Patient Case Studies

Early Relapse with Brain Metastases: A 45-year-old woman relapsed 18 months after adjuvant trastuzumab emtansine, presenting with brain metastases and hilar lymphadenopathy. Post-radiosurgery, systemic options included trastuzumab/pertuzumab/taxane (THP) rechallenge versus T-DXd. DESTINY-Breast09 showed superior PFS with T-DXd + pertuzumab, though regulatory approval is pending. Toxicities included nausea, fatigue, and interstitial lung disease risk, requiring vigilant monitoring.

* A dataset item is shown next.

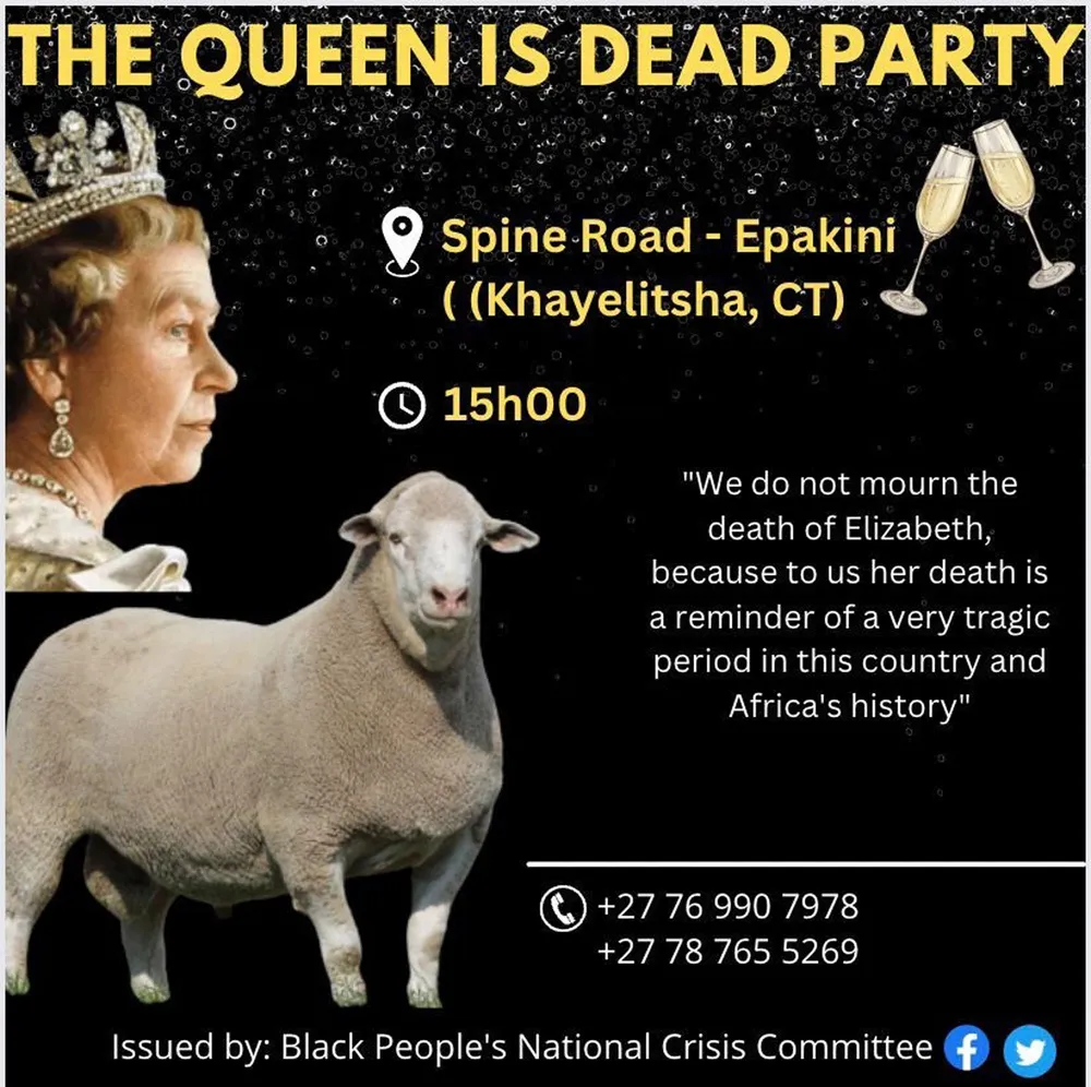 On Monday , while the world focused on the funeral of the matriarch of the United Kingdom, a handful of people were planning a party “to send the monarch to hell” at 3pm outside Kwa Ace Eparkini off Spine Road in Khayelitsha.

ER+/HER2+ Maintenance Strategy: A 63-year-old woman with de novo estrogen receptor (ER)-positive/HER2-positive disease achieved a partial response after THP induction. The AFT-38 PATINA trial demonstrated that adding palbociclib to trastuzumab/pertuzumab plus ET extended median PFS to 44 months versus 29 months. This supports integrating CDK4/6 inhibitors into maintenance for ER-positive/HER2-positive patients, with manageable hematologic toxicity.

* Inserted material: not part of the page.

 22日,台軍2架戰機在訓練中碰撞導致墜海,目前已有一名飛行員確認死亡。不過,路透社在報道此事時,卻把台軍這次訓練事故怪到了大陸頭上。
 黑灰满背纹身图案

CNS-Driven Progression: A 49-year-old woman with stable extracranial disease developed recurrent brain metastases after prolonged trastuzumab/pertuzumab maintenance. Options included tucatinib/trastuzumab/capecitabine (HER2CLIMB) or T-DXd (DESTINY-Breast12). Both regimens have shown strong intracranial activity, but patient preference against alopecia favored tucatinib. Shared decision-making emphasizes tailoring therapy to CNS risk, comorbidities, and quality-of-life priorities.

Conclusions

HER2‑positive metastatic breast cancer is entering a new era of frontline management. DESTINY‑Breast09 positions trastuzumab deruxtecan plus pertuzumab as a likely new standard, offering unprecedented PFS across diverse patient subgroups, including those with brain metastases. At the same time, the PATINA trial highlights the value of integrating ET and CDK4/6 inhibitors for HR‑positive disease, extending durable control well beyond prior benchmarks. For patients with CNS involvement, both tucatinib‑based regimens and T‑DXd demonstrate meaningful intracranial activity, enabling tailored approaches based on biology, comorbidities, and patient preferences. Future directions will emphasize balancing efficacy with quality of life, refining maintenance strategies, and adopting biomarker‑guided personalization to optimize outcomes in HER2‑positive MBC.

Content is accurate as of the date of release on 6 January 2026.